Outreach and Engagement are Just Good Government

Three Reasons Your Community Needs A Strategy for Engagement

ARTICLE | Mar 20, 2017

More than ever before citizens have access to volumes of information formerly only easily accessible by municipal leaders with the help of robust websites, GIS based and interactive maps, and even mobile apps! Equipped with pages of readily available data, citizens have a desire to feel heard and work towards solutions, which is often difficult with only two minutes at the microphone. Further compounding frustrations, there is a great deal of unfiltered misinformation posting every second onto social media platforms, and in communities like Mount Pleasant, SC where growth is rapid, the change is disruptive and it defines nearly every public policy debate.

Residents often express concern that the community lacks of a common identity as the region grows 48 people every day from a once quaint fishing village to a metropolitan area recently named the fastest growing city east of the Mississippi River. Impactful decisions are being made every day that will impact the community now and into the future. The challenge we face today is how do we facilitate meaningful two-way conversations on complex issues in a world where people gain their information on-the-go and in less characters than a tweet- regardless of the source. A robust government engagement strategy is essential in having meaningful conversations in which both sides make decisions based on fact and work towards building common ties and trust.

Here is an overview of some low-cost ways you can get started today and starting shifting the climate from one of distrust to one of collaboration.

1. Participants become ambassadors for the Town and know where to find accurate information.

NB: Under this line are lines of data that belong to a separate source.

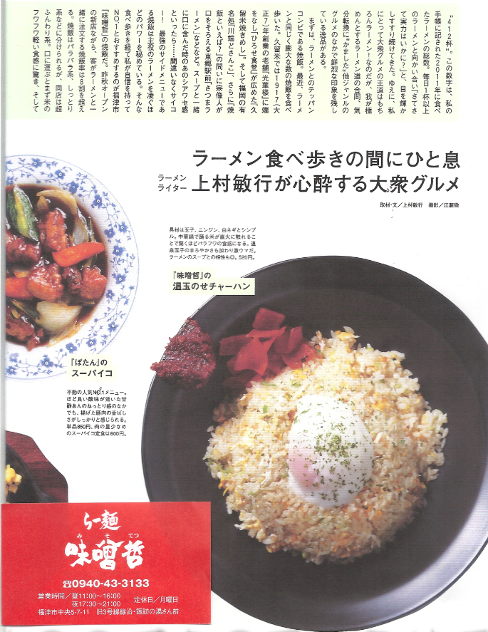 カネガエ(通称カネ)の嫁いだラーメン屋が掲載されてました。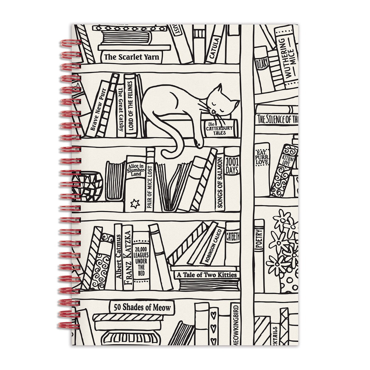 The Cat on Bookshelf 6 x 8" Wire-O Journal from Galison is the perfect companion notebook with lined pages and a large functional spiral binding.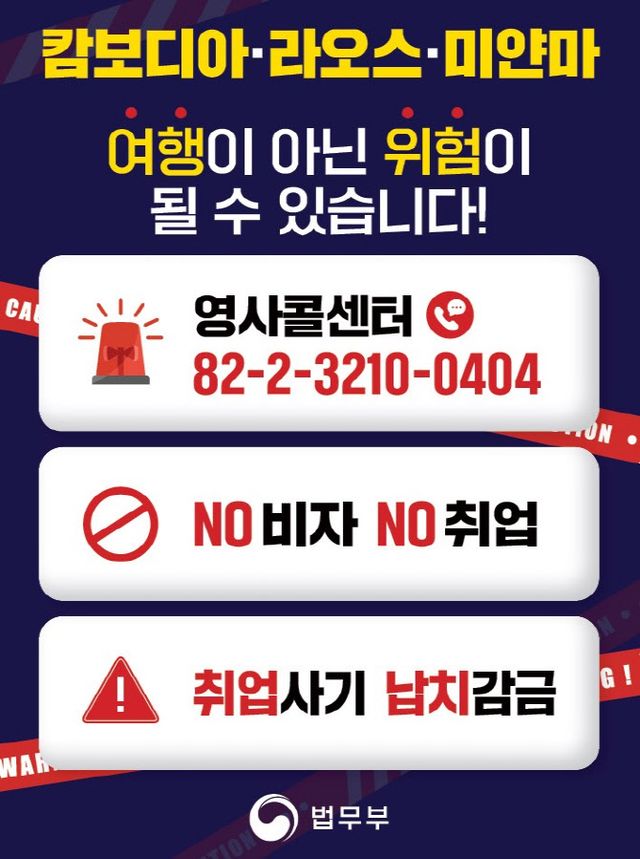 법무부 관계자는 “이번 확대 시행 조치는 라오스·미얀마에서도 발생할 수 있는 취업사기, 인신매매, 불법감금 등 각종 피해를 국민이 출국단계부터 위험성을 인지하고 피해를 사전에 예방할 수 있도록 하기 위한 것”이라고 설명했다.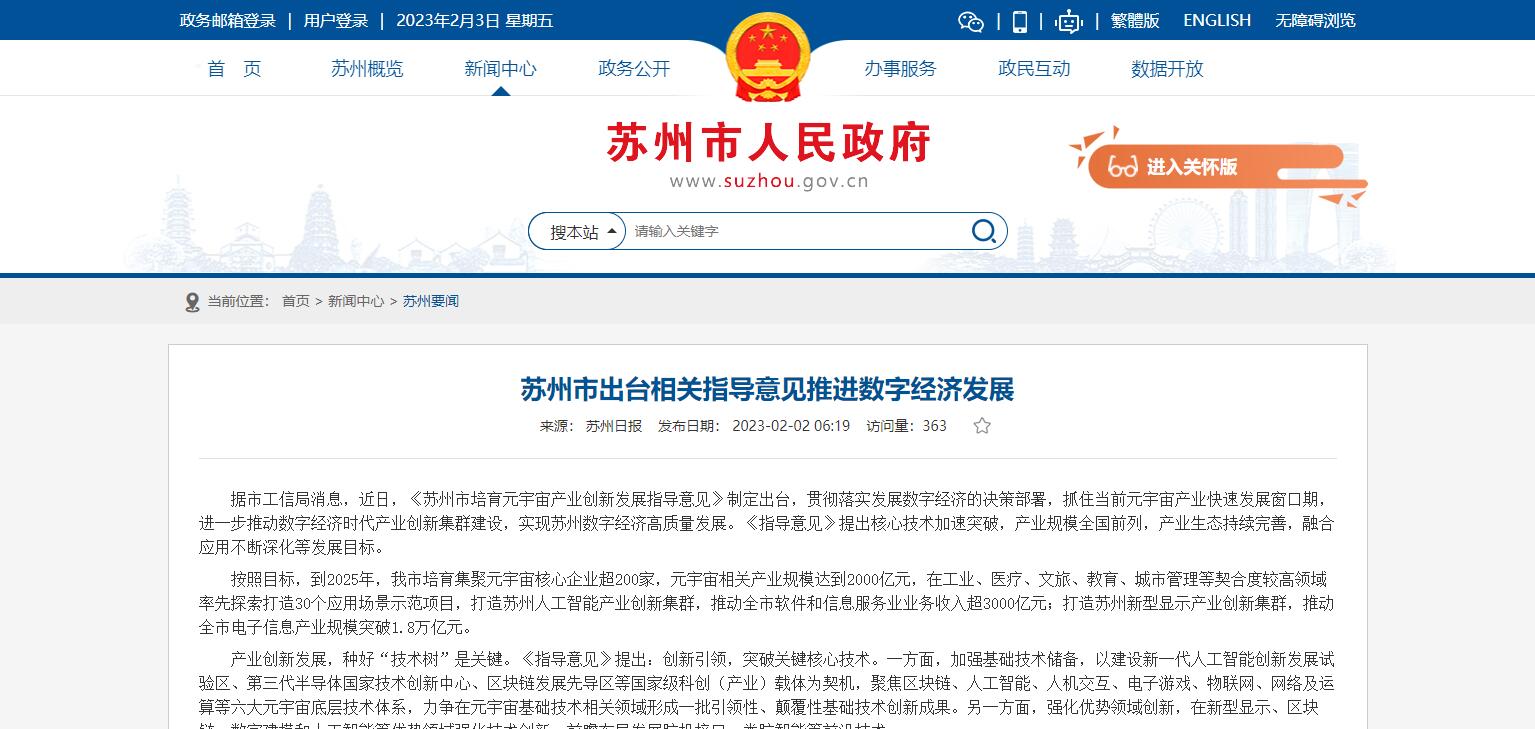 蘇州發(fā)布培育元宇宙產(chǎn)業(yè)創(chuàng)新發(fā)展指導意見:到2025年元宇宙相關產(chǎn)業(yè)規(guī)模達到2000億元

Whether its delivered through Coffee with the Mayor, Town Administrator’s Mobile Office Hours, or the Planning Department’s Code for Lunch, meeting residents at places they know and at times that work for them, helps to build ambassadors. The Town has experienced great success through these programs and many more because it humanizes elected officials and senior staff, and it removes the screen (whether it be a phone or computer) and allows for accurate information to be shared face to face and unmodified. We find that we get repeat visitors to these events as they have become ambassadors for the programs and they know they can get immediate answers- unfiltered by media.

By bringing town officials out of their offices, it makes them more approachable where often times residents would never call and make a formal scheduled appointment with the mayor or town administrator.

2. Town Council and senior staff know community priorities.

During events such as Community Roundtable, staff and elected officials learn about a specific neighborhood’s issue and sometimes these conversations have taken place in the HOA President’s living room! Meeting in someone’s neighborhood allows leaders to see and experience many issues a neighborhood may have and solve small, local problems. Town leaders also learn candidly about issues and concerns on a resident’s mind and they hear it, instead of reading it in a Facebook post. The conversations are more meaningful and most importantly, are two-way and build trust by educating both sides about priorities.

3. Community relationship changes from one of “customer service” to one of “collaborative partnerships”

“The customer is always right”. Isn’t that the motto? What happens when citizens become accustomed to be treated like customers? A rise in calls for service, demands that outpaced limited government resources, and often times unreasonable expectations about what a local government can do under state and federal laws. Taking the time to have meaningful dialogue can help to slowly erode unreasonable expectations and demands on local governments. So often our own social media and press releases are overshadowed by social media posts by others. Traditional media can no longer keep pace with the conversation and through effective outreach programs, leaders can work in smaller groups, like HOAs, to gain insight on how they can bring solutions to the table. A great example is a neighborhood asking for safer routes for pedestrians in their neighborhoods. The conversation can be guided in a way that allows leaders to request the HOA gain support first from their residents and other neighborhoods effected and bring forward one collaborative voice that is reading for funding.

Even if your community is not experiencing rapid growth like Mount Pleasant, getting out into the community and engaging in meaningful, two-way dialogue is essential. It’s almost a “back to the basics” approach before everything was conveyed in a tweet. While I am a millennial in a management role, what’s quick and inexpensive about social media doesn’t mean it solves these big issues. The reality is that distrust even in local governments is higher than in the past and it takes a new, more targeted approach to slowly start building a community that understands complex issues take time and collaboration.